What do u mean with "true love".. 
is it true...(for both boys and girls)


----------



## esumitkumar (Jan 5, 2009)

True love means selfless love ie  u sacrifice ur own happiness,desires etc for happiness of ur mate . Its true but rare in today's scenario...

and Yes it comes once


----------



## Faun (Jan 5, 2009)

not once, it comes in various relationships and sometimes for complete strangers too 

Just dont confuse first love with true love


----------



## esumitkumar (Jan 5, 2009)

but what if first love = true love


----------



## Faun (Jan 5, 2009)

second love can also be true, i mean both can be


----------



## rhitwick (Jan 5, 2009)

True Love: Like all those hypotheses, ideologies it is also one concept. Every human being whoever in love tries to achieve it. In my opinion, it can only be achieved when both of the partners feel same about themselves, reciprocates same feelings against them. But this is sometimes (or most of the time) the feeling is not equal at both the ends.

Even LOVE is so rare these days that the few moments of staying together, holding hands (n other things) seems to be real love.

True Love doesn't demand anything, doesn't expect anything, doesn't want u to prove anything. U just love ur partner, respect his/her decisions, believe in him/her...in short unconditional.


----------



## iMav (Jan 5, 2009)

Oh My GOD!


----------



## Coool (Jan 5, 2009)

true love happens only once in a life time....if it breaks up, he/she never believe in love after that...
so, true love only once...


----------



## amitabhishek (Jan 5, 2009)

Oh! Not again!


----------



## kumarmohit (Jan 5, 2009)

True Love  - WTF is that?
And Wat is Untrue Love then?


----------



## Chirag (Jan 5, 2009)

^^
Hawas ko pura karne ke liye kiya gaya pyar.  Sounds gross, wooter !!


----------



## Coool (Jan 5, 2009)

Chirag said:


> ^^
> Hawas ko pura karne ke liye kiya gaya pyar.


----------



## rhitwick (Jan 5, 2009)

jyotsna said:


> Dear sir/madam
> true love happens only once in a life time....if it breaks up, he/she never believe in love after that...
> 
> 
> ...


is this user some kinda spambot?
In a few threads I observed that he/she just copy pasted an already posted comment.

What is this "Dear sir/Madam" and "mailmantra url"?


----------



## kumarmohit (Jan 5, 2009)

Its not a spambot, its a person spamming - The answers seem to be context sensitive unlike bots which rely on mathematically calculated sentences.


----------



## Pat (Jan 5, 2009)

^^ The answers seem to be "copy" of one of the posts in the same thread.
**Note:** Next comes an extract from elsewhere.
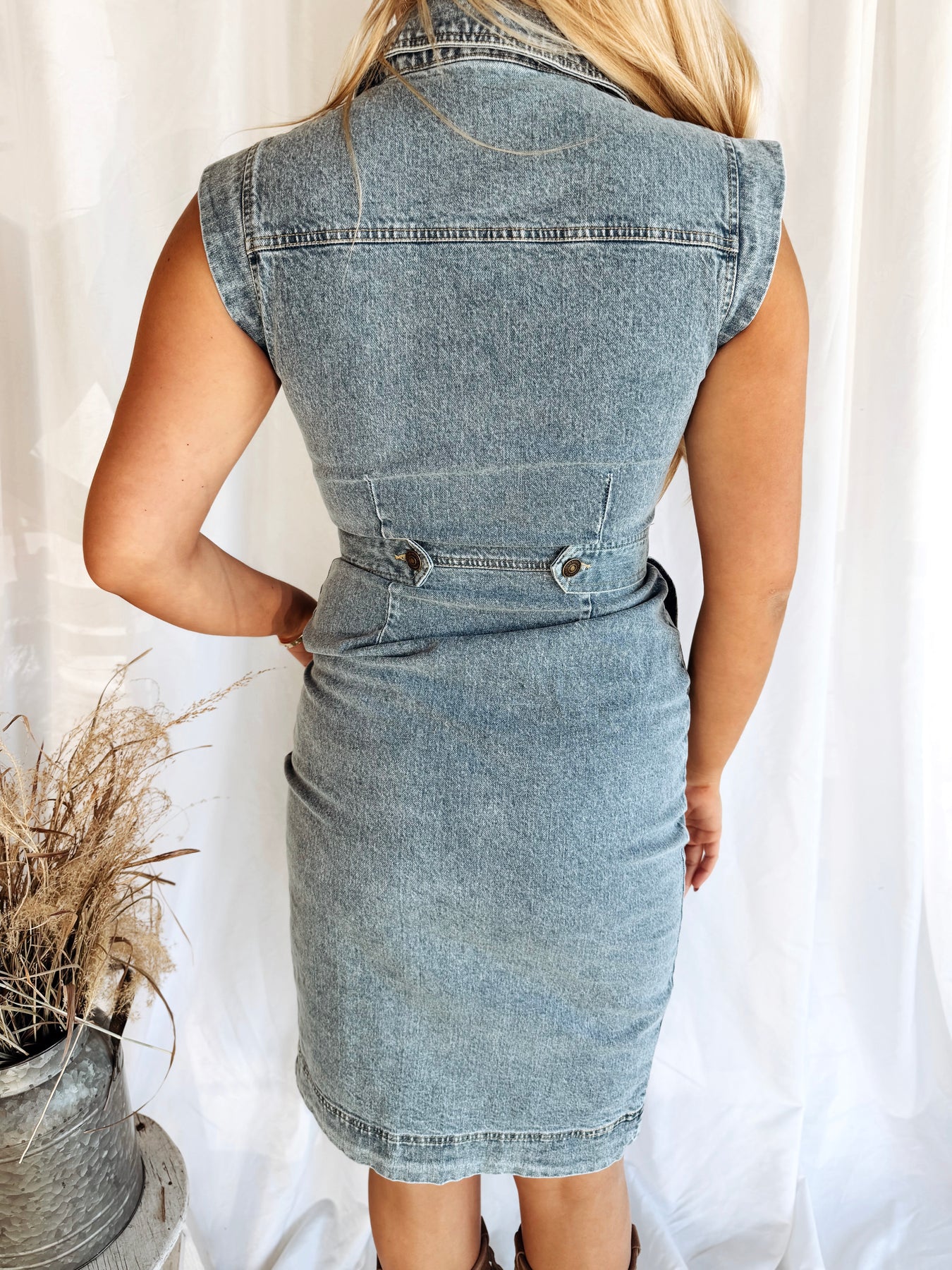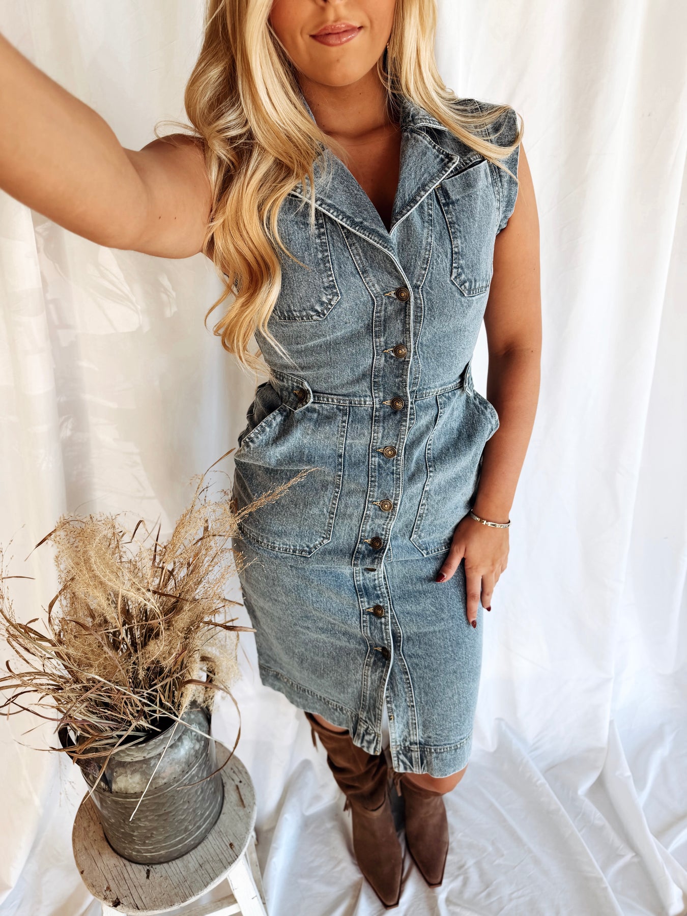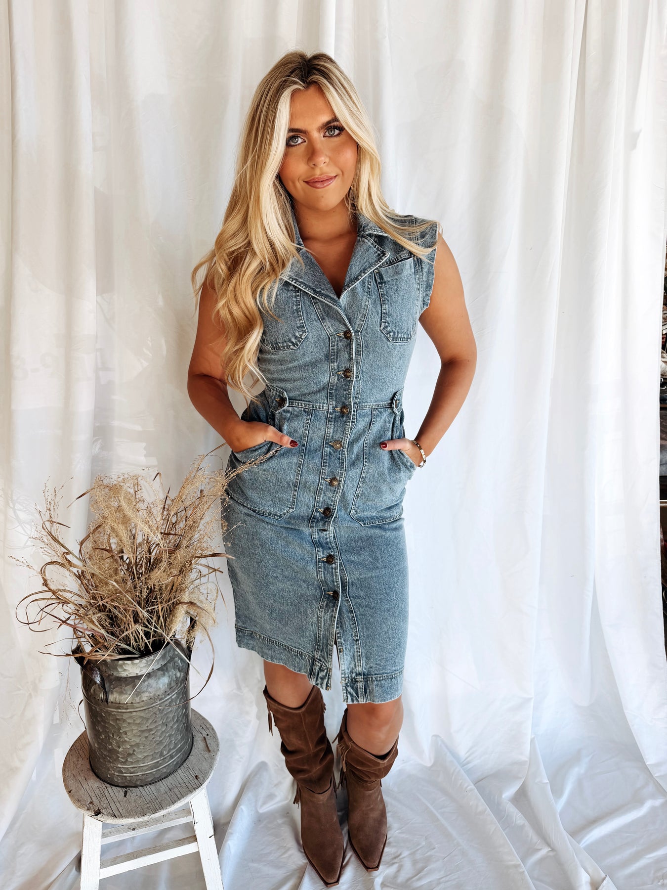 Introducing the Julieta Dress—your new go-to for effortless style! This midi denim dress features a classic button-down silhouette that's perfect for dressing up or down. Whether you're heading to brunch with friends or running weekend errands, this versatile piece transitions seamlessly from day to night. The timeless denim construction pairs beautifully with sneakers, boots, or sandals, making it a wardrobe essential that works as hard as you do. Comfortable, chic, and endlessly wearable—the Julieta is about to become your favorite.

Could be a human spammer too, but I guess it is a bot.


----------



## codename_romeo (Jan 5, 2009)

True love would actually be defined by your intentions towards the person you love. You may love more than one person at various points of time and love them with utmost honesty and sincerity. So all of them are true love. First love is always first love and no matter whether it is a mere infatuation(99% times true) or actually love, it still remains the first love.
        And yeah love can come from people you don even know, people you hate or it may so happen that in your entire lifetime you will never ever realize that a person loved you. Love isnt all about expressing it.


----------



## toofan (Jan 5, 2009)

Love is always true and if its not true then its not love. And if not love then it may be attraction, may be need of emotional support or sex or something else. It may turn into love and may not or you can remain attracted to him/her for your lifetime.

 Simple


----------



## a_k_s_h_a_y (Jan 5, 2009)

holy crap. this is so embarrassing.


----------



## red_devil (Jan 5, 2009)

so many threads relating to Love/ Girl friends etc etc on Digit....
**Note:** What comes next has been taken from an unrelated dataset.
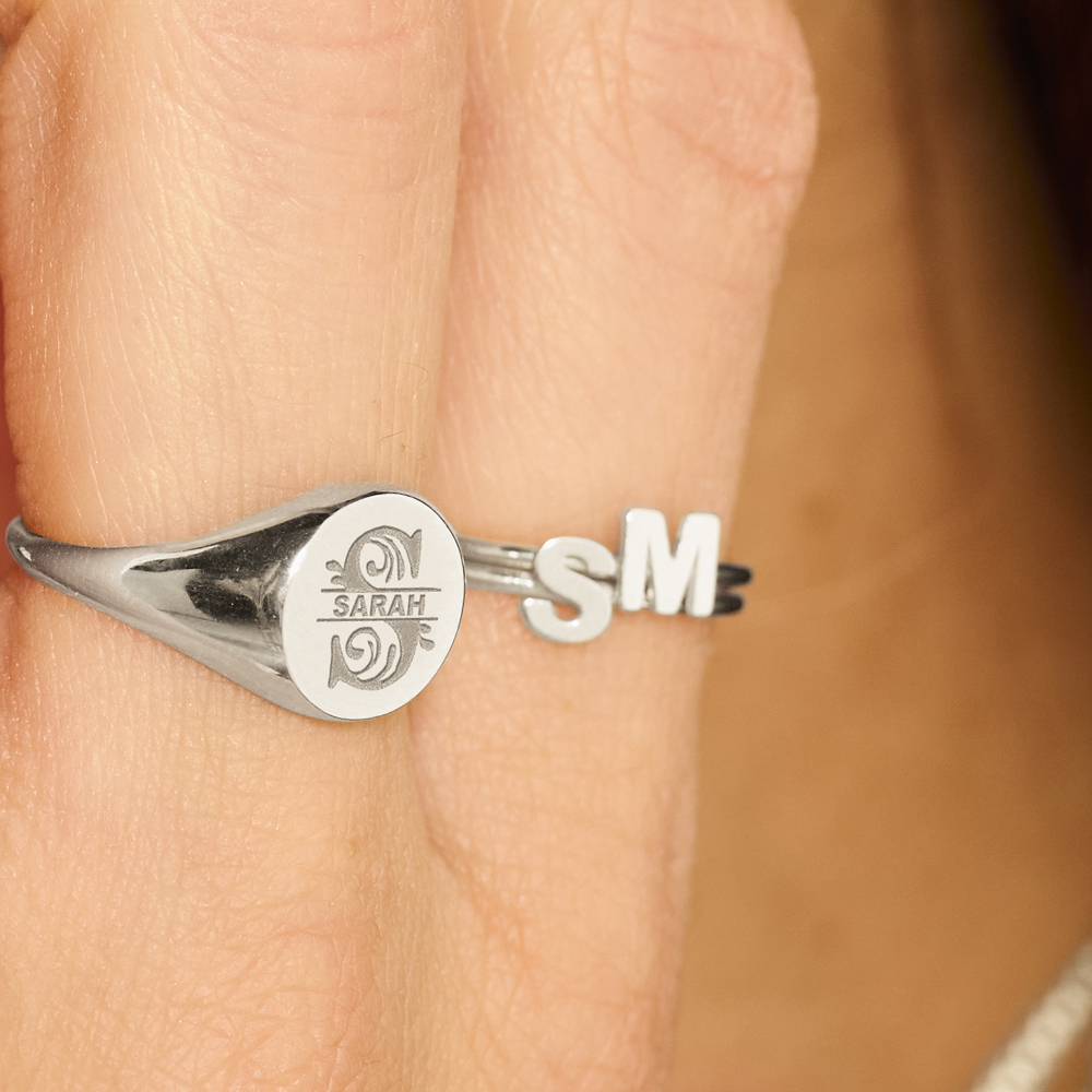 Deze zilveren ring met een letter bovenop is nu de nieuwste trend.

sign of oozing Testosterone amongst digitians ??


----------



## Kl@w-24 (Jan 5, 2009)

^ ^ ^ Geeks gone wild!!


----------



## red_devil (Jan 5, 2009)

wrt the topic.... welll depends on the way u define love....
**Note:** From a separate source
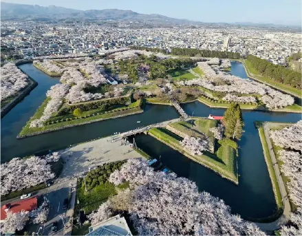 函館の名所・五稜郭は、春になると約1,600本の桜が一斉に咲き誇ります。星形の堀を彩る桜並木は、散策やボート遊びで間近に楽しめるのが魅力。歴史と自然が調和した特別な景色は、訪れる人をやさしく包み込みます。

TRUE love for that hot chick next road/building/bench/seat/cubicle  will always come back.....


----------



## Kl@w-24 (Jan 5, 2009)

Okay, so here are my 2 cents. True love does NOT come once in a lifetime. Your first love doesn't need be your last love, no matter how true it was. When it's over you can either spend the rest of your life feeling miserable that you lost your "true love" or you can look forward to someone who'll give you a reason to live for another day.


----------



## Faun (Jan 5, 2009)

^^yeah


----------



## utsav (Jan 5, 2009)

n6300 said:


> so many threads relating to Love/ Girl friends etc etc on Digit....
> 
> 
> sign of oozing Testosterone amongst digitians ??



atleast this proves that digitians aren't gay


----------



## red_devil (Jan 5, 2009)

^ well not all.... MOST ...

check the girlfriends thread for some gay details


----------



## sam9s (Jan 5, 2009)

Kl@w-24 said:


> Okay, so here are my 2 cents. True love does NOT come once in a lifetime. Your first love doesn't need be your last love, no matter how true it was. When it's over you can either spend the rest of your life feeling miserable that you lost your "true love" or you can look forward to someone who'll give you a reason to live for another day.



I know what you mean, yes you can probably fall in love again, truly as well, but if you were true to your first love you would never forget the feeling, the first feeling of everything you felt during those first romantic encounters. 
Yes you should not try to live a miserable life and probably your second love would give you a reason to live, but no one, simply no one can replace your first true sincere mature love.


----------



## Faun (Jan 5, 2009)

^^welcome back  Nice to see you back in forum.

Well...I have realized that true love can be for more than one person. You have equal feelings for both.


----------



## Kl@w-24 (Jan 5, 2009)

sam9s said:


> I know what you mean, yes you can probably fall in love again, truly as well, but if you were true to your first love you would never forget the feeling, the first feeling of everything you felt during those first romantic encounters.
> Yes you should not try to live a miserable live and probably your second love would give you a reason to live, but no one, simply no one can replace your first true sincere mature love.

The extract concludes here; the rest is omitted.